We find nothing in either the National Metropolitan Bank v. United States or Clearfield Trust Co. v. United States to indicate that the Albuquerque case is not the law in the federal courts. Certiorari was denied in that case 15 days after the Clearfield Trust Co. case was decided. Neither case involved impostors. Both cases affirm the principles of law we apply here: (1) When the federal government becomes a party to commercial paper, it is hound by the same rules which govern private persons under the same circumstances. And (2) federal rather than local law governs controversies over commercial paper issued by the government, and in the absence of an applicable act of Congress the federal courts must fashion the governing rules.

It is true that the Supreme Court in the Clearfield Trust Co. case granted certiorari for the reason that the decision of that Third Circuit case conflicted with the Ninth Circuit case of Security-First National Bank v. United States, 103 F.2d 188. The conflict as shown by the Supreme Court opinion in the Clearfield Trust Co. case concerned the question whether local or federal law governed commercial paper issued by the United States. Neither the Supreme Court nor the Third Circuit discussed the impostor rule.
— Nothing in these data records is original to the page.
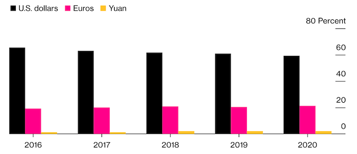 Китайские политики также неоднократно подчеркивали, что цифровой юань не предназначен для того, чтобы конкурировать с долларом. Заместитель управляющего Народного банка Китая Ли Бо заявил в прошлые выходные, что криптовалюта в первую очередь предназначена для внутреннего использования. Китайская валюта в настоящее время составляет около 20% мировых валютных резервов. На долю доллара приходится 60%, кроме того, почти все торговые и кредитные операции в рамках инициативы «Один пояс, один путь», осуществляются в долларах.
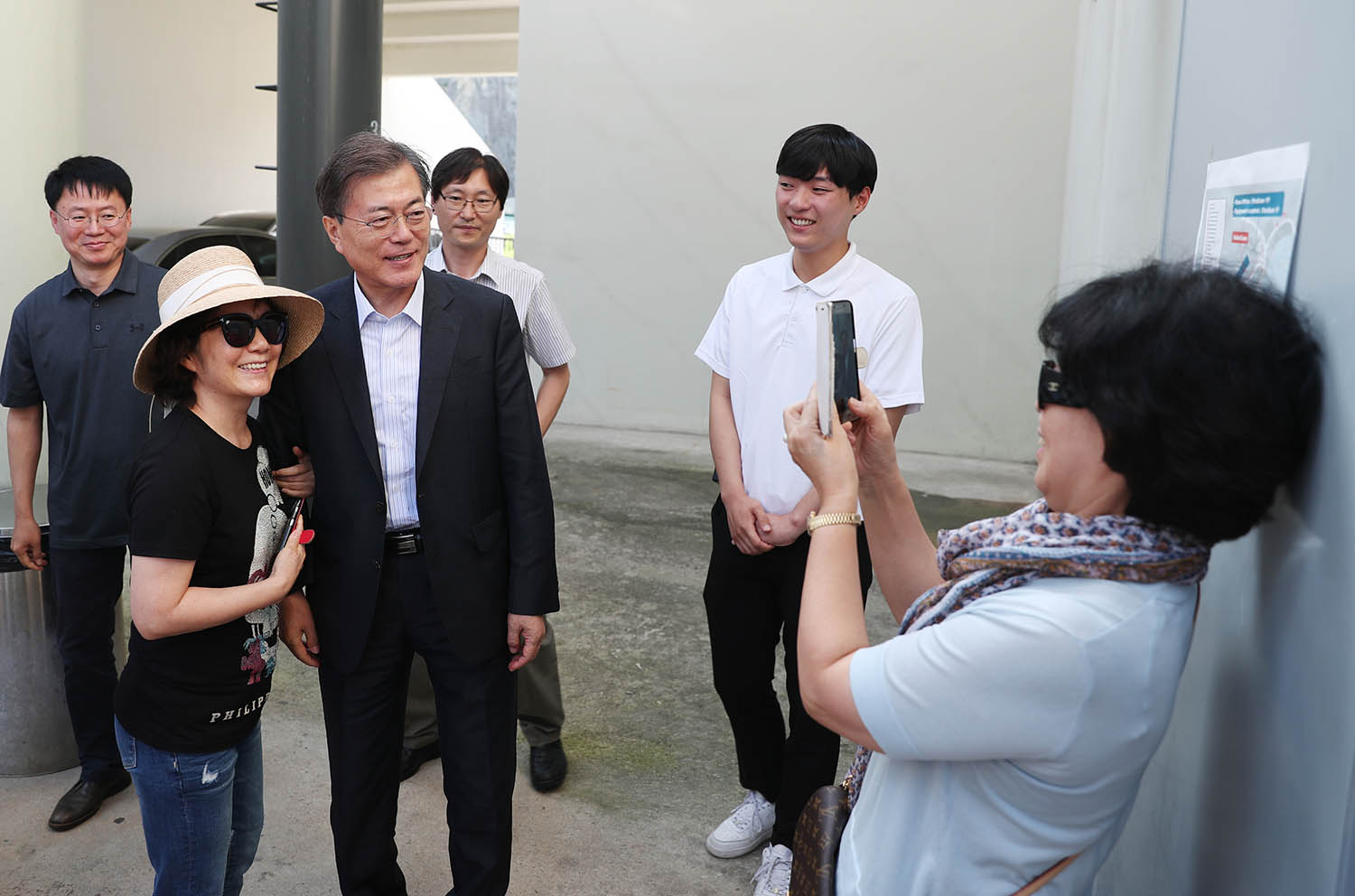 문재인대통령은 휴가 첫날인 30일 오후 평창 올림픽 스키점프대를 방문했다. 현장에는 문화부 노태강 차관과 이희범 평창올림픽 조직위원장이 함꼐 했다. 스키점프대를 방문한 시민들과 기념사진을 찍고 있는 문재인 대통령.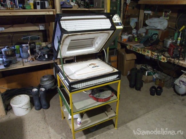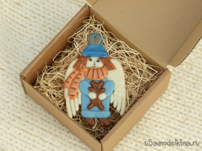 После извлечения из печи (Фото 20) фигурки отчищаются и отмываются с жесткой щеткой от прилипшего сзади гипса, алмазным инструментом – на шлифмашине и надфилями притупляются возможные острые кромки. Ёлочные игрушки снабжаются веревочками, упаковываются.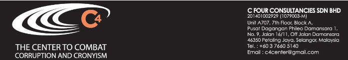 The audit additionally showed that of the 16 projects, a staggering 11 failed to meet their objectives. Furthermore, the performance of 3 could not be ascertained, while only 2 succeeded in their objectives. The Center to Combat Corruption and Cronyism (C4 Center) is appalled at the above revelations and demands that the government takes these findings seriously. The Malaysian Anti-Corruption Commission (MACC) must open investigations into these cases in collaboration with the Auditor-General’s Office in order to ascertain if corruption had contributed to these losses. These revelations further illustrate the urgent necessity for institutional reforms such as the legislation of a Government Procurement Act and establishment of an Ombudsman Office.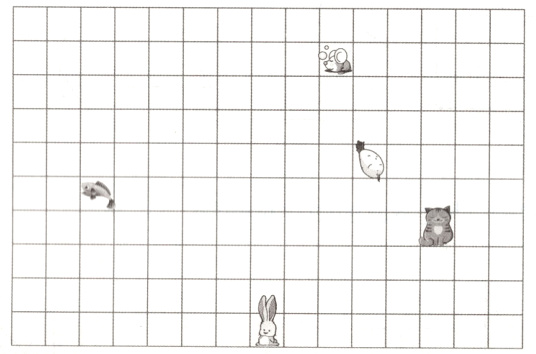 (3)老鼠向( )平移( )格,再向( )平移( )格,就能吃到鱼。

With respect to the application by the court below of the principles of National Metropolitan Bank v. United States and Clearfield Trust Co. v. United States to the facts of the instant case, we point to the admonition of the Supreme Court at the end of the National Metropolitan Bank v. United States opinion [323 U.S. 454, 65 S.Ct. 356] : “We do not say that there may not be some circumstances, not now before us, under which the government might be precluded from recovery because of conduct of a drawer prior to a guaranty of endorsement. We do hold that negligence of a drawer-drawee in failing *938to discover fraud prior to a guaranty of the genuineness of prior endorsements does not absolve the guarantor from liability in cases where the prior endorsements hatve been forged.” (Emphasis added.)

The judgments appealed from are reversed, and the cause is remanded for proceedings not inconsistent herewith.

Reversed and remanded.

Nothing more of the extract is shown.